The weakened global economy may not yet have seen the worst of Europe's rolling debt crisis, which could take at least another two years to resolve, Roger Altman, founder and CEO of Evercore Partners, told CNBC Thursday.
As debate deepens in markets over whether Spain will accept an international rescue package, Altman said Madrid would ultimately be forced to accept the inevitable. (Read more: Will S&P Ratings Cut Finally Push Spain Into a Bailout?)
"I'm afraid that we're only around half-time in the euro zone crisis, "Altman said on CNBC's "Squawk Box," saying that the Continent's economic woes were being magnified by a "darkened" outlook for the global economy.
"Maybe the worst of the euro zone crisis from a market point of view is behind us," Evercore's chief said. "But in terms of the big picture, this is going to take another couple of years [to resolve], at least."
Altman lauded the European Central Bank's Hail Mary pass of euro zone debt, but added that Spain had to take the initiative and accept the bailout that the country's leaders have been reluctant to accept in public.
The ECB's pledge to intervene in secondary markets "is a very serious big pledge, and it's just up to Spain to actually apply for that and accept the reforms that are going to be necessary," Altman said. "They're going to have to do it. I don't think they have any alternative."
Given the sharply decelerating global economy, Altman also praised the efforts of the Federal Reserve .
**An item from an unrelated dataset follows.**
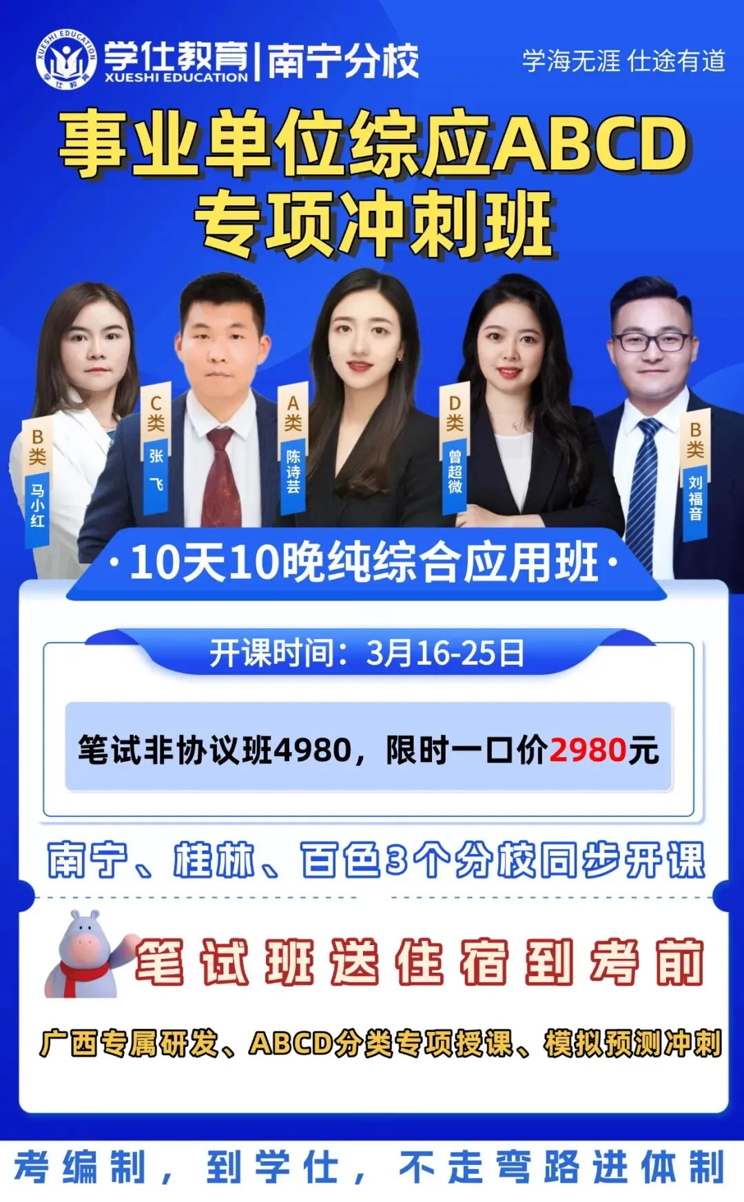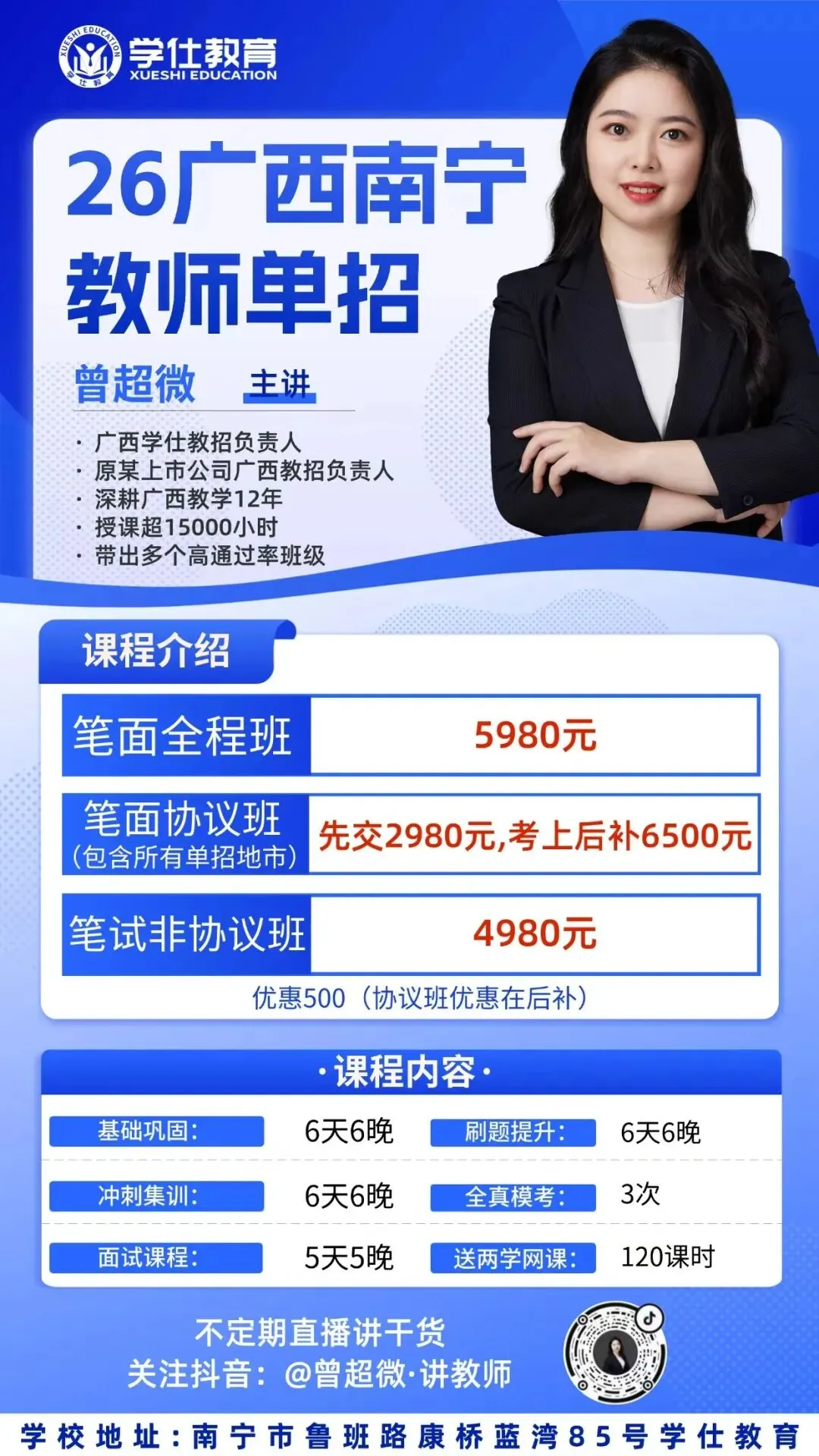 关注“广西学仕教育”公众号,回复“南宁教招”

Both central banks "are exactly in the right place in terms of maximum open throttle" on monetary policy, the banker said. He was especially complimentary of the Fed's massive bond-buying efforts to reinvigorate the U.S. economy.
"I think history is going to judge that the actions of the Federal Reserve from late 2008 to the present have been heroic, and they are going to be a textbook case of how to respond to a financial collapse," Altman added.